Defensor público Ricardo Melro critica prática de “acordo casado” pela Braskem (Foto: Agência Senado)

Ricardo Melro: dano moral fixado em R$ 40 mi foi prejudicial

Para o defensor público estadual Ricardo Melro, os acordos da Braskem com as vítimas, embora tenham sido homologados na Justiça, precisam ser revistos, porque são prejudiciais. Segundo ele, a vítima da mineração, que teve sua residência interditada e derrubada, pode até ter saído satisfeita com a indenização em relação ao dano material, que corresponde ao pagamento do valor do imóvel desapropriado, mas com certeza não gostou do valor pago pelo dano moral, fixado em R$ 40 mil.

O defensor afirmou ainda que passou a identificar, em 2021, a “face predatória” da Braskem quando a mineradora, segundo ele, começou a praticar uma proposta de “acordo casado” ao propor essa indenização moral tabelada em R$ 40 mil por residência, independentemente do número de pessoas residentes no imóvel. Ou seja, uma família com duas pessoas em casa, recebeu o mesmo valor da indenização por dano moral pago a uma família com dez pessoas residindo sob o mesmo teto.

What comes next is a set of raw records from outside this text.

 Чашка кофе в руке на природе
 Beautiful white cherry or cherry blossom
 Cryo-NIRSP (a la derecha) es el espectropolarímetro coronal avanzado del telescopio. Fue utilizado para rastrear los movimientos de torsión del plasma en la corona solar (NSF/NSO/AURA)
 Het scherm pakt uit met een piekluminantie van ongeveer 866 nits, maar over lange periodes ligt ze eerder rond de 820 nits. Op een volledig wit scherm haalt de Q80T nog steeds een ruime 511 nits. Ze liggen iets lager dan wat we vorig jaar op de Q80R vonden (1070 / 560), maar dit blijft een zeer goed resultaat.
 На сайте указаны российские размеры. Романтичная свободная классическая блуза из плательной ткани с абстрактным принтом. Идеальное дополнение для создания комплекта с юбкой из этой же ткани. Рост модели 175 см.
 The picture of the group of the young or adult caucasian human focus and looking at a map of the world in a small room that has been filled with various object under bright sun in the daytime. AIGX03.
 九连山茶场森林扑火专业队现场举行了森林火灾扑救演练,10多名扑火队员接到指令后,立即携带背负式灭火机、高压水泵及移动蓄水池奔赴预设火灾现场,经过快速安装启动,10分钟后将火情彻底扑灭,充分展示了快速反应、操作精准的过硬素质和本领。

“Na prática é uma proposta casada. A empresa dizia assim: ‘Ou você aceita isso ou não tem acordo nenhum. A gente não faz meio acordo. Aí vocês vão para a Justiça’. E na Justiça, como todos sabem, o processo é mais demorado”, exemplificou o defensor público. Ele disse ainda que nenhum acordo está imune à revisão posterior, visto que, todos eles foram feitos “para um olhar daquele momento”, com a urgência da desapropriação exigida e dentro daquelas possibilidades que se apresentavam.

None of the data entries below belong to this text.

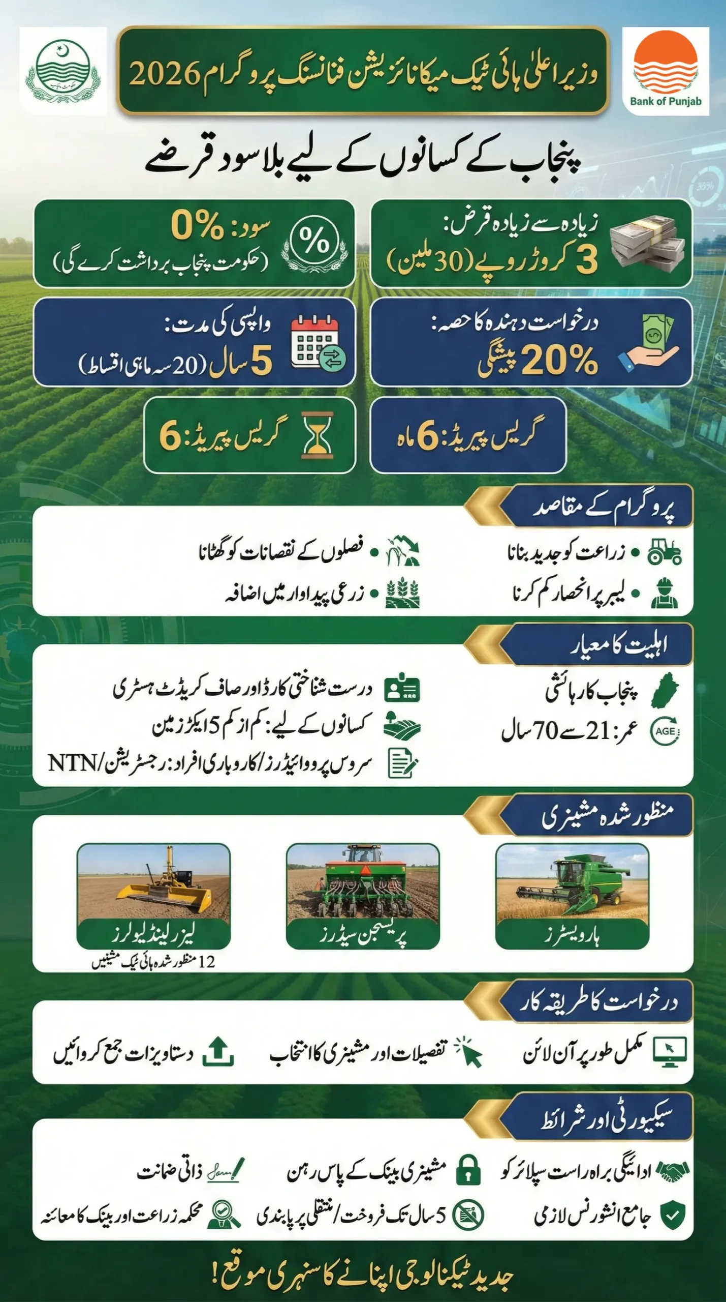 The CM High Tech Mechanization Financing Program 2026 offers interest-free loans up to PKR 30 million to farmers, service providers, and agri-entrepreneurs in Punjab to promote modern agriculture. The scheme, backed by the Government of Punjab and implemented through the Bank of Punjab, helps applicants purchase approved high-tech agricultural machinery with only 20% upfront equity.
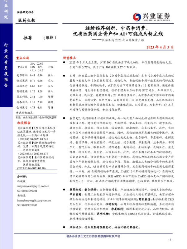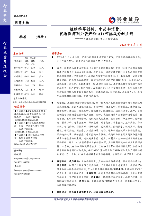 【兴业证券】【20230403】继续推荐创新、中药和消费,优质医药国企资产和AI+可能成为新主线-19页
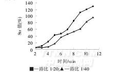 染料用量1%(owf),將織物分別在浴比1∶20、1∶40、1∶60、1∶80、1∶100時染色.因為浴比小時,火力太大會造成水分揮發快,織物易暴露在染浴外.因此,綜合考慮染色效果、時間以及節能等因素,當浴比為1∶20和1∶40時,采用低火加熱;浴比為1∶60、1∶80和1∶100時用中低火加熱,不同時間下染得織物相對色深如圖3和圖4所示.
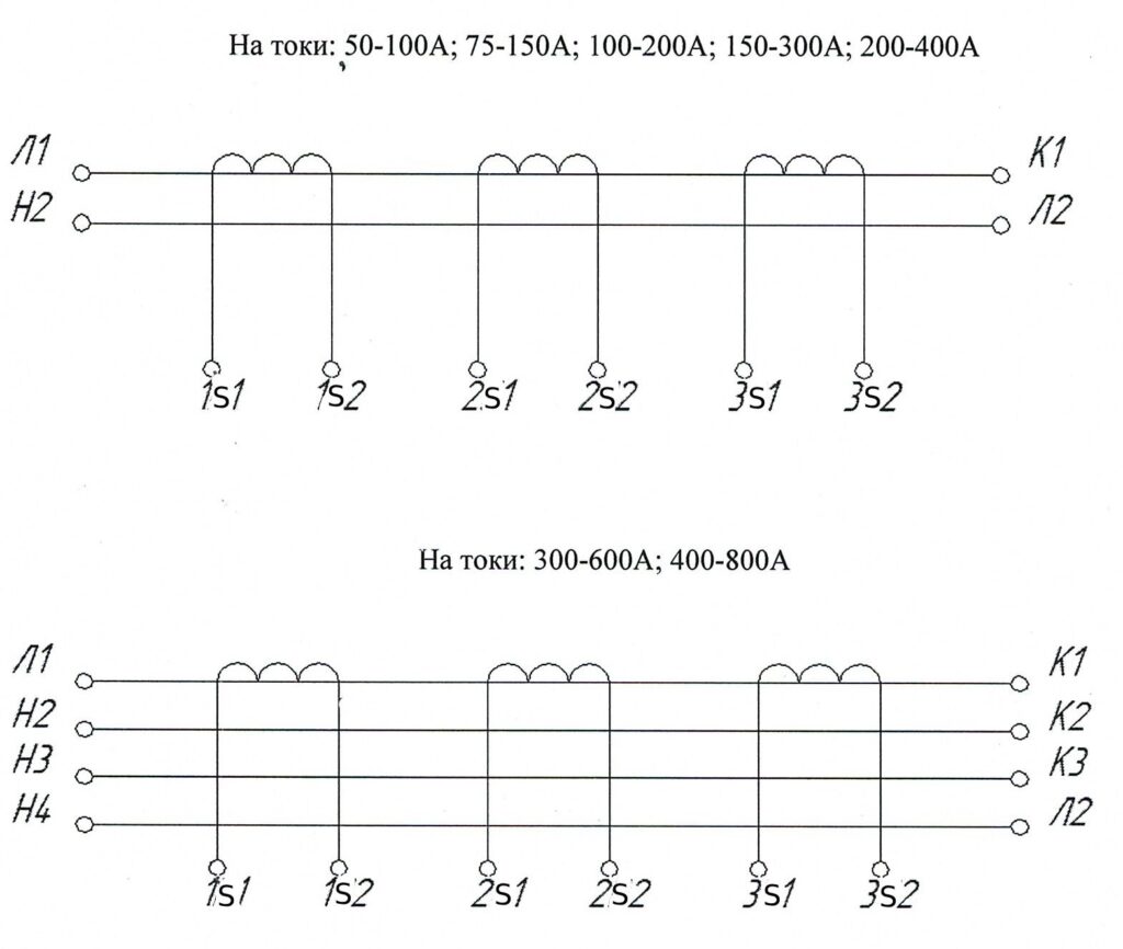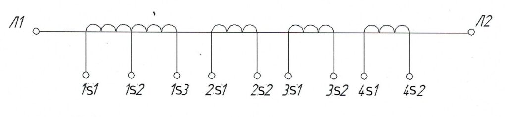 Схема розташування висновків вторинних обмоток трансформаторів ТФЗМ110Б-IV
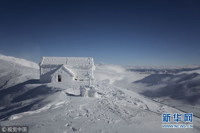 意大利山区小屋遭遇强暴风雪变“冰屋”
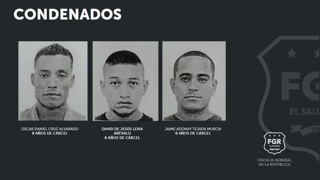 En este caso los imputados son: Jaime Adonay Tejada Murcia, alias “Chumico”; Óscar Daniel Cruz Alvarado, alias “Calaco” y David de Jesús Leiva Arévalo, alias “Cusa”, todos miembros de la “Mara Salvatrucha”.
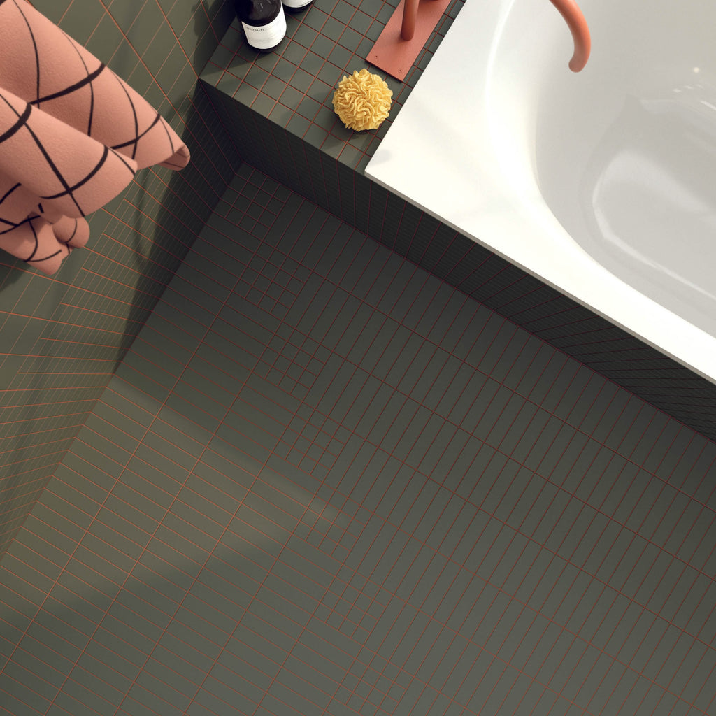 The Raster collection offers a playful yet refined take on the traditional mosaic, reimagined in a 150x150mm porcelain format suitable for both walls and floors. Each tile features fine routed lines that are seamlessly filled during grouting, achieving the detailed look of a sheeted mosaic with the simplicity of standard tile installation. The resulting finish is a subtle interlocking surface that brings a strong geometric patterning, texture, and visual structure to any space. With a curated palette of soft neutrals and expressive colourways, Raster invites creative freedom with the ability to mix tones and patterns for unique combinations and layered compositions.
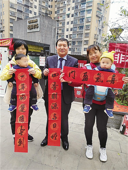 記得在小時候,老家門上的春聯都是手寫的,如今雖批量印刷的春聯多了,但手寫春聯是中國春節的傳統文化,因此我家的春聯一直以來都是手寫。我不只給自己家寫春聯,十多年來,除了參加重慶市、區書法家協會和部分街道、社區、企業組織的寫春聯活動,還自己買了很多對聯紙,在住家附近免費給市民寫春聯送祝福,每年春節都要寫好幾百幅。

Ricardo Melro, da Defensoria do Estado, e Diego Alves, da Defensoria da União, começaram a atuar no Caso Braskem em 2019, a partir do momento em que foi atestada, pelo Serviço Geológico do Brasil (SGB) e pela Defesa Civil nacional, a causa do afundamento do solo e atribuída a responsabilidade à empresa Braskem.

A partir daquele momento, a Defensoria Pública da União, a Defensora Pública e o Ministério Público de Alagoas e o Ministério Público Federal passaram a atuar numa força tarefa para conseguir, com a urgência que o caso necessitava, algum bloqueio financeiro da empresa e assim conseguir um equilíbrio na negociação de um possível acordo benéfico para as vítimas, com uma desocupação digna.

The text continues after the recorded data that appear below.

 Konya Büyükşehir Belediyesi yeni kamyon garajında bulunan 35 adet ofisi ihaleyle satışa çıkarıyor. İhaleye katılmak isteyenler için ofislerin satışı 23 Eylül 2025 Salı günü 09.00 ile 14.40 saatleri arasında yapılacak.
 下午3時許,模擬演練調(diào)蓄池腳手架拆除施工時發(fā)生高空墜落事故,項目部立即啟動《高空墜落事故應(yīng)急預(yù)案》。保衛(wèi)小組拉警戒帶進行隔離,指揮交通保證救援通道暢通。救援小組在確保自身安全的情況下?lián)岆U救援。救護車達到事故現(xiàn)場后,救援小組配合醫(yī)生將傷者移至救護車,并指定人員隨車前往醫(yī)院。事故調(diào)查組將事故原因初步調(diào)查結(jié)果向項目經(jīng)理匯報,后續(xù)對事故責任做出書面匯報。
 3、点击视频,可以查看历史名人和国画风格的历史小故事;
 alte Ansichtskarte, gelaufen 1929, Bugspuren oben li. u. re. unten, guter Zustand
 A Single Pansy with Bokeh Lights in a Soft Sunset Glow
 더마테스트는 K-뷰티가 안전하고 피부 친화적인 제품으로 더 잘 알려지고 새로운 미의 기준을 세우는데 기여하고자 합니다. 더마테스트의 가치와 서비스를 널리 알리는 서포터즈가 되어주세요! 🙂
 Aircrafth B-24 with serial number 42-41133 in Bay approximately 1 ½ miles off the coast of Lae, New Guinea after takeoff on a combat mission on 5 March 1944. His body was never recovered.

Até o momento, cerca de 60 mil pessoas tiveram que deixar suas casas às pressas, à medida que o risco de desabamento se espalhava pelos bairros de Pinheiro, Mutange, Bebedouro, Bom Parto e Farol. Proprietários de cerca de 16 mil imóveis, que estão dentro dessa área de risco, firmaram acordo individual para serem atendidos pelo programa de compensação financeira com a Braskem.

DANO MORAL

Questionado pelo senador Rodrigo Cunha, sobre quais fatores foram levados em conta para calcular a indenização por dano moral, Diego Alves esclareceu que, no acordo coletivo, não foram fixados valores a título de dano moral, até por ser um fator individual e subjetivo.

“O que deixamos pactuado é que a indenização precisava ser adequada, precisava ser justa, precisava reparar integralmente as vítimas que foram forçadas a desocupar os imóveis. Então, não houve o aval da DPU nem das demais instituições públicas para fixar um valor de dano moral pelo núcleo familiar e tabelado”, esclareceu Diego, em seu depoimento à CPI, na última quarta-feira.

Concluída a sessão, em entrevista à imprensa, os senadores integrantes da Comissão foram unânimes em defender a reformulação dos acordos. Nesse ponto, nós concordamos com os defensores públicos, esses acordos precisam ser revistos”, afirmou o relator da Comissão, Rogério Carvalho, do PT sergipano.